I vividly recall during my time serving with the Canadian military in Europe, in the 1980s, the whole barracks hovering around my small portable SW receiver, and listening to the Canadian federal election report via RCI.
For the sake of a few dollars, RCI is going to be lost forever. Don’t let it happen.
Sincerely, Walt Salmaniw,
Victoria, BC, Canada”
[Admin editor: message used with permission]
In 2002 the Association of North American Radio Clubs (ANARC) awarded the RCI Action Committee with a Certificate of Recognition for our work in defending Radio Canada International. Here’s the text of the certificate:
Certificate of Recognition for the RCI Action Committee
The Association of North American Radio Clubs proudly presents a group Certificate of Recognition to the RCI Action Committee.
For over 10 years their tireless and ongoing efforts have sought to restore full funding to Radio Canada International. Their efforts still continue today to help RCI, struggling to maintain its service, its integrity, meet its mandate, and to serve the shortwave listeners of the world as the voice of Canada abroad.
The RCI Action Committee is currently in one of its most difficult and challenging battles, attempting to counter the integration of RCI into the Canadian Broadcasting Corporation and the re-deployment of new strategies of the new RCI management team.
With this Certificate ANARC gladly recognizes their efforts.
All of the awards were presented during the 15th Annual Winter SWL Fest Banquet held during the weekend of 8-9 March 2002 in Kulpsville, Pennsylvania, USA.
Mark Meece, ANARC HQ
North American Radio Clubs Association of
North American Radio Clubs
From the CBC Archives:
Broadcast Date: Feb. 25, 1945
The Second World War is winding down in Europe, but Canada’s new international shortwave radio service is just getting started. From its studios in Montreal and a web of shortwave transmission towers in Sackville, N.B., the service targets both Canadian and foreign listeners. In this inaugural broadcast, Prime Minister Mackenzie King says the International Service of the CBC will extend Canadian ideals of equality and freedom to the world.
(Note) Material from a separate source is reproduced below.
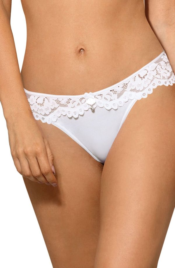 Newia Brief in white (shown in the picture with the soft cup bra option) is super soft with all over lace at the back. The front has lovely scalloped lace to match the push up or soft cup bra options. The brief has a lovey satin ribbon bow and diamante detail. Brief bra and thong options are all sold separately available in four colours and arrive packaged in their own lovely Roza box.

King is joined by Justice Minister Louis St-Laurent, who addresses the audience in French, and by Howard B. Chase, chairman of the CBC board of governors. The three talk about the service’s goal of reflecting Canada beyond its borders. The International Service will broadcast to the United Kingdom and western Europe in three languages — English, French and German — with a signal that is strong and clear.
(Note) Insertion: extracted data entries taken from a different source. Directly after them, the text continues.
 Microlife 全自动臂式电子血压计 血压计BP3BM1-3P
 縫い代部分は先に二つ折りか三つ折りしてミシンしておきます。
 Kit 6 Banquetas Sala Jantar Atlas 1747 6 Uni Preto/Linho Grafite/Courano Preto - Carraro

TO HEAR THE BROADCAST please go to: http://www.cbc.ca/archives/categories/arts-entertainment/media/radio-canada-international-canadas-voice-to-the-world/broadcasting-to-the-world.html
Radio Canada International employees still strive to tell the world about Canada in the best tradition of honest Canadian journalism, despite attempts to shut it down, or change its international mandate.
To find out more about the international mandate please go here.
For the latest news also check out our twitter feed at twitter.com/rci_action
February 2008 – Action Committee spokesperson suspended!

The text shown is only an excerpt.